WORK ITEM ▸
Look through the listing below for the line containing "(서울=포커스뉴스) 5일 오전". Copy it and each line after it up to and including the line containing "Темно-коричневый молния отворот шерстяной", exactly, leaving out pictures.

=======

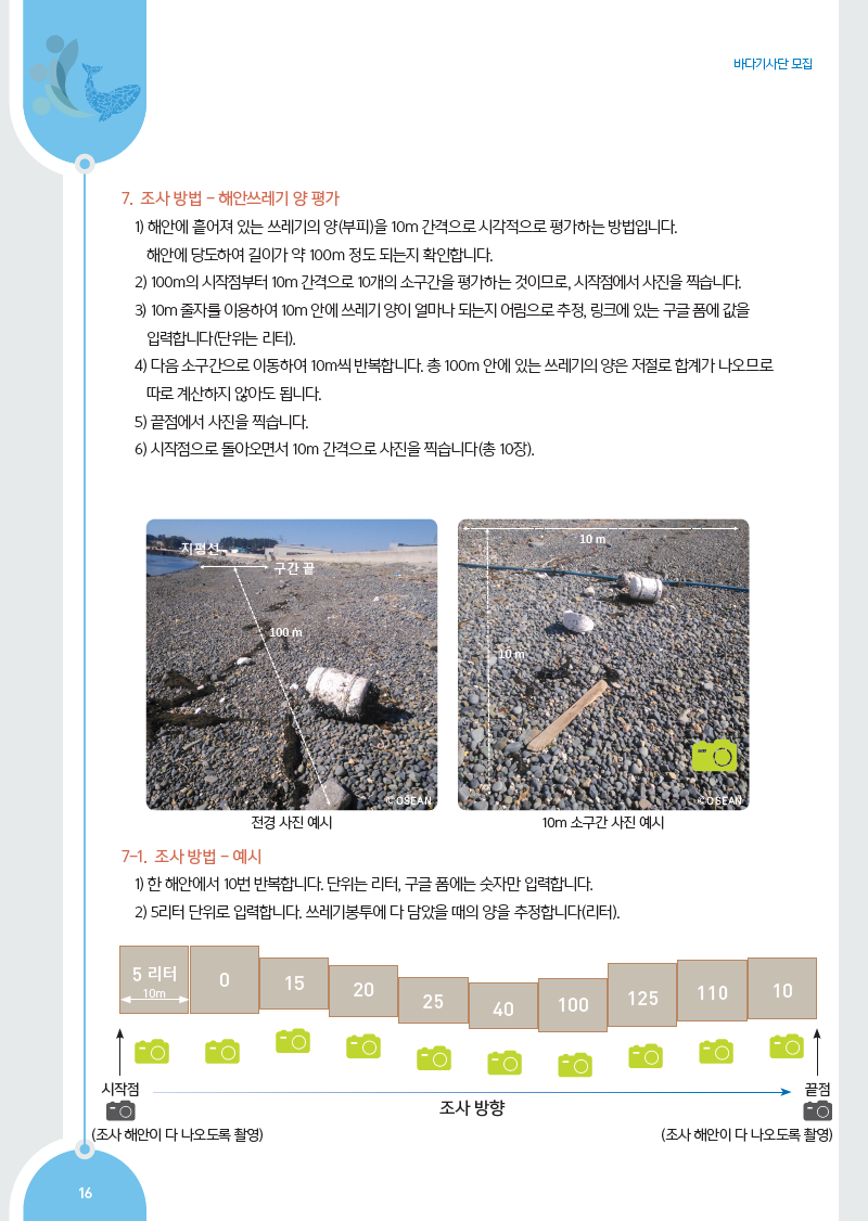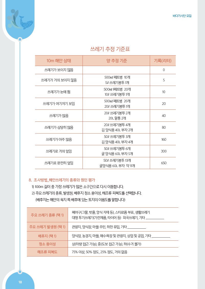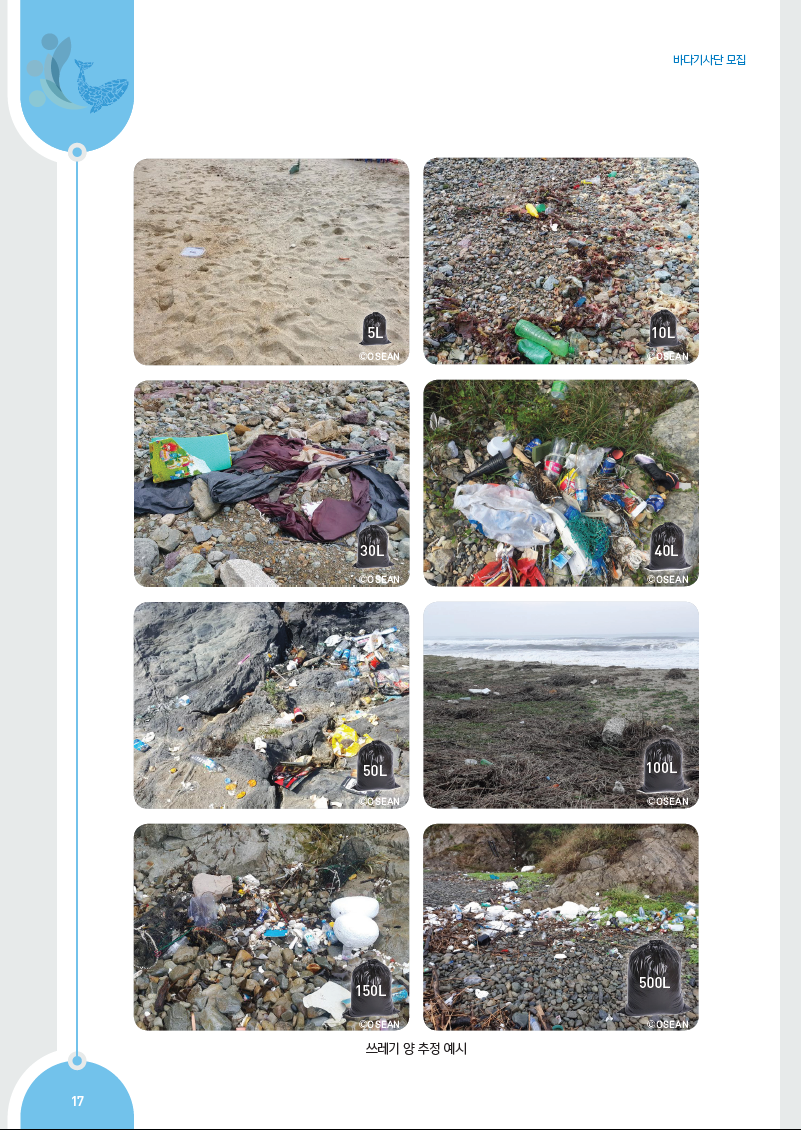 스마트폰으로 바닷가에 방치되어 있는 쓰레기를 촬영하고 부피를 추정하며, 주변의 중요한 발생원인과 주요 쓰레기를 보고합니다.
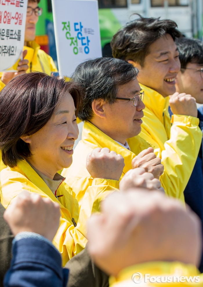 (서울=포커스뉴스) 5일 오전 서울 종로구 성균관대학교 정문 앞에서 윤공규 종로구 후보 지원유세에 나선 심상정(왼쪽부터) 정의당 상임선거대책위원장, 윤 후보. 조성주 비례후보가 대학생들과 기념촬영을 갖고 있다.
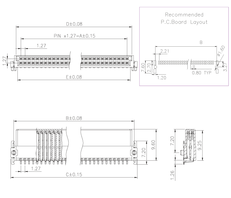 Pitch :1.27 mm / 0.05"Gender :FemaleMount type :S.M.T. R/ALocating peg :With | Up to 8 Gbps
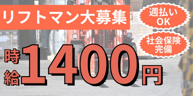 リーチリフト運搬 商品の入出庫作業 高時給1400円 ピッキング作業 20~50代男性活躍中
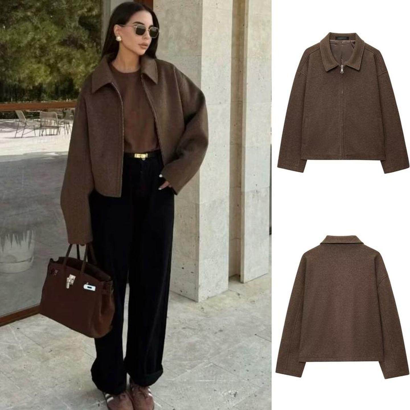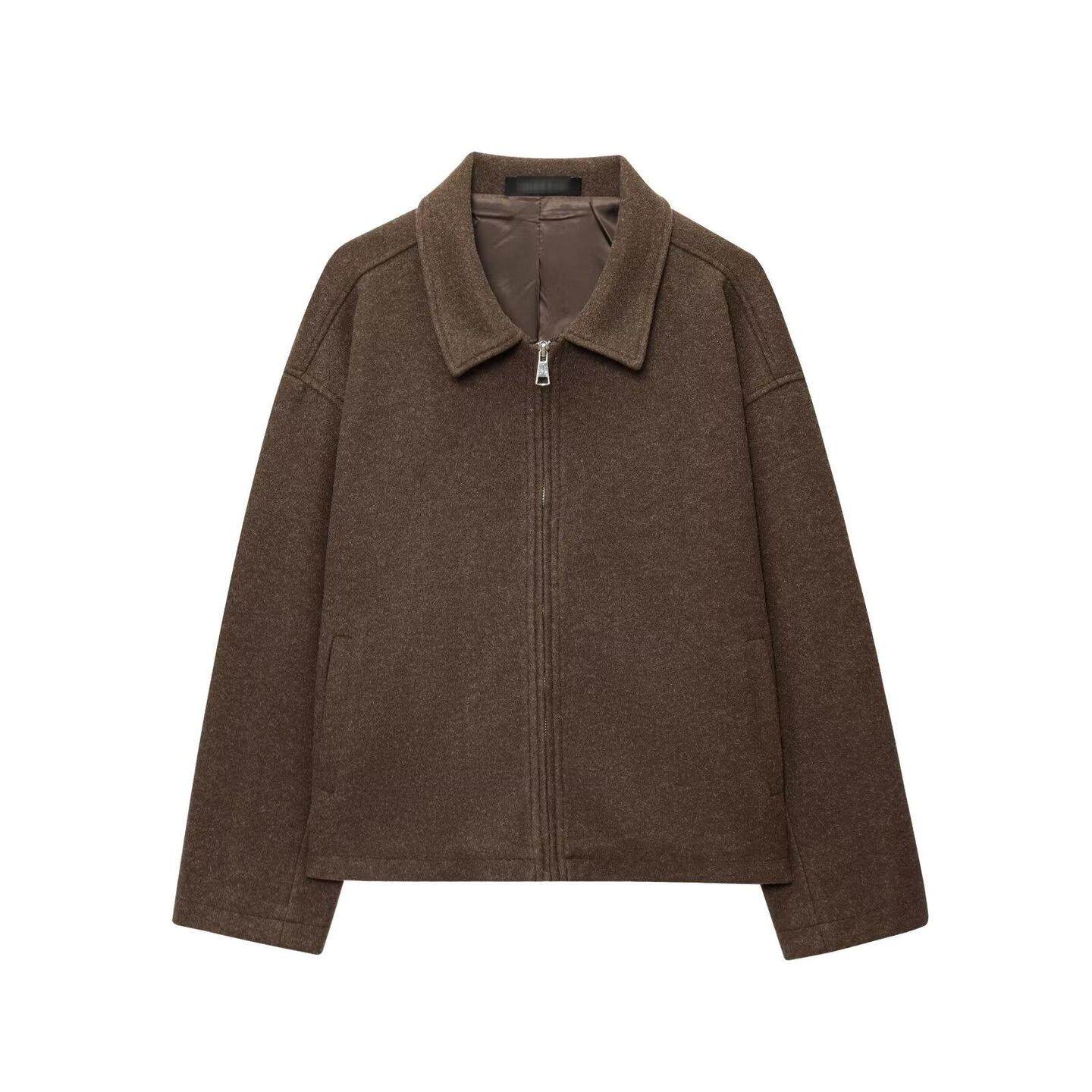 Темно-коричневый молния отворот шерстяной
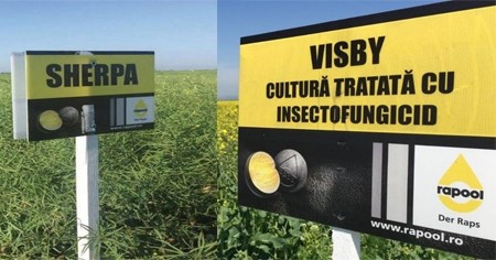 După recoltare am întrebat prietenii din Germania despre VISBY si aceștia mi-au spus că fac constant peste 4500kg/ha în mod constant. Chiar daca la majoritatea hibrizilor de rapiță depășesc producția de 4000 kg/ha, frumusețea lanurilor de VISBY din Germania m-au determinat să cultiv VISBY în România. Așa cum am spus în anul 2010 am adus sămânța din Germania și am experimentat-o pe aproximativ 200 de hectare, realizând o producție similară cu colegii mei din Germania, 4300 kg/ha. Am observat că ramifică foarte bine, uniformitate perfectă și o rezistență mare la iernare. În 2012 am descoperit hibridul SHERPA și având mare încredere în hibrizii RAPOOL am remănat cea mai mare suprafață cu SHERPA, dar fără să abandonez VISBY. Hibrizii care an de an se apropie de 4500-5500 kg/ha. Este adevărat că pentru a obține aceste producții, presupune o tehnologie corectă, mai ales pentru pregătirea terenului și semănat. De asemenea am acordat o mare grijă începând cu răsărirea și până la recoltare. Se acordă o mare atenție îmburuienării; am aplicat un tratament preemergent pe bază de dimetaclor și clomazone și nutriție realizată în etapele de dezvoltare ale plantelor. În campania 2014-2015 am folosit graminicid pe bază de propaquizafop; 70kg/ha în total înainte de semănat, 100-120kg s.a. N/ha fracționat și 2 tratamente cu fungicid pe bază de tebuconazol 0.5l/ha în primă fază, apoi produs comercial pe bază de metconazol și mepiquat clorură 1.0 l/ha în a doua fază. Am acordat o atenție deosebită insectelor, odată cu temperatura de 5 grade in sol. Primăvara 0.5 litri de produs comercial pe bază de tebuconazol, în primăvară devreme iar 1 litru tot de produs comercial pe bază de tebuconazol la înflorire deplină. Cu această tehnologie am obținut la hibridul SHERPA peste 5000kg/ha.''
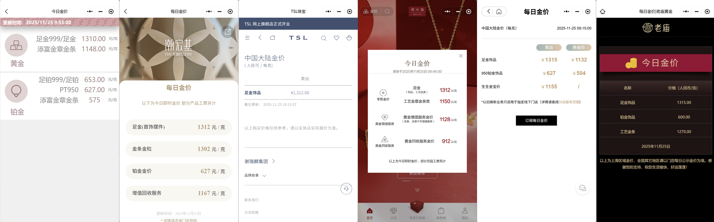 上证报中国证券网讯(记者 曾庆怡)11月25日,多家黄金珠宝品牌公布的境内足金饰品价格升至1315元/克左右。
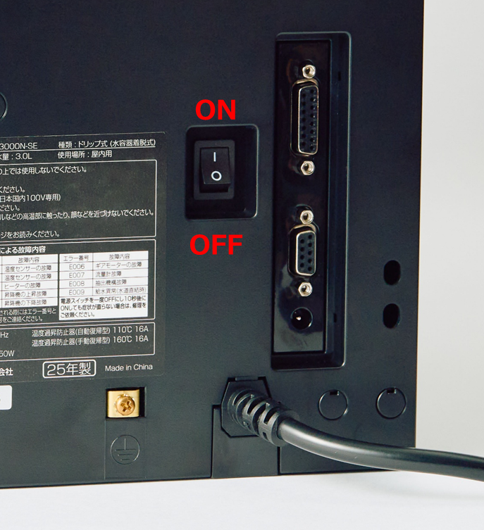 | E-003 | ヒーターまたは温度センサーの故障 | 電源スイッチをOFF→ON(再起動)していただき、エラーが消えるようでしたら、継続してご使用ください 電源スイッチをOFF→ON(再起動)してもエラーが再発するようでしたら、部品が破損している可能性があります ⇒ 営業担当へご相談いただき修理依頼してください | ─ |
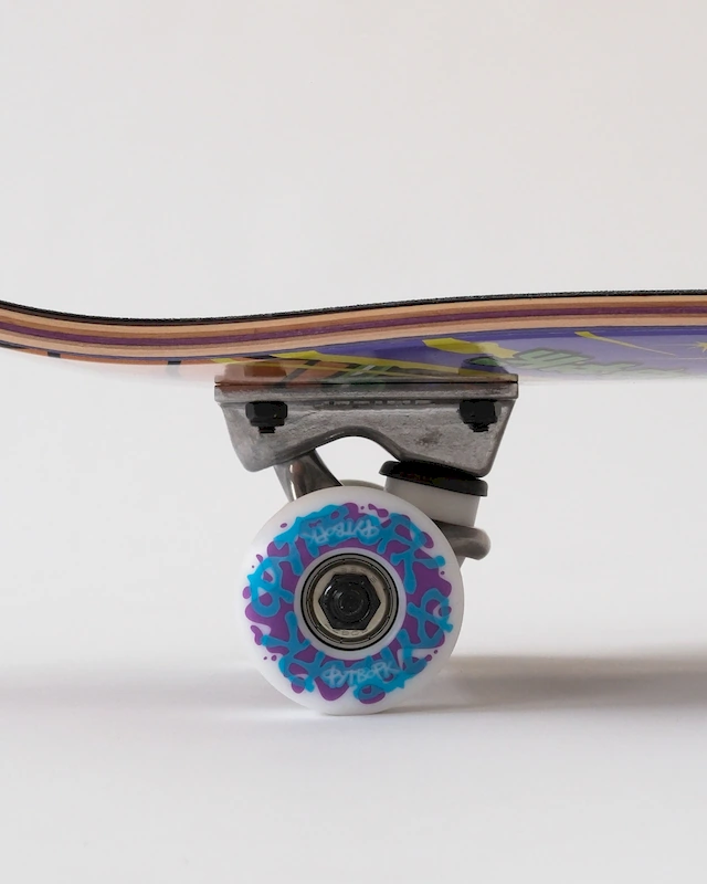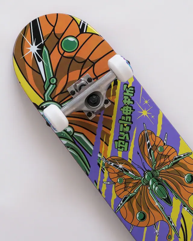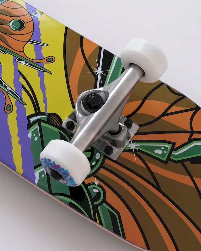 Специальный клей. В готовых скейтбордах используется особый клей на водной основе. С ним дека более гибкая, и ощущения от щелчка будут отличаться от, например, жёсткой деки Progress. Это сделано для того, чтобы готовый скейтборд был прежде всего выбором новичка. Пока райдер учится, он постоянно приземляет трюки и олли не по болтам. Приземлив одну ногу не туда, можно легко сломать деку. Благодаря большей гибкости дека прощает такие ошибки и не ломается — просто прогибается и возвращается назад. Это важное свойство деки для новичка.

=======

EXPECTED ANSWER ▸
 (서울=포커스뉴스) 5일 오전 서울 종로구 성균관대학교 정문 앞에서 윤공규 종로구 후보 지원유세에 나선 심상정(왼쪽부터) 정의당 상임선거대책위원장, 윤 후보. 조성주 비례후보가 대학생들과 기념촬영을 갖고 있다.
 Pitch :1.27 mm / 0.05"Gender :FemaleMount type :S.M.T. R/ALocating peg :With | Up to 8 Gbps
 リーチリフト運搬 商品の入出庫作業 高時給1400円 ピッキング作業 20~50代男性活躍中
 Темно-коричневый молния отворот шерстяной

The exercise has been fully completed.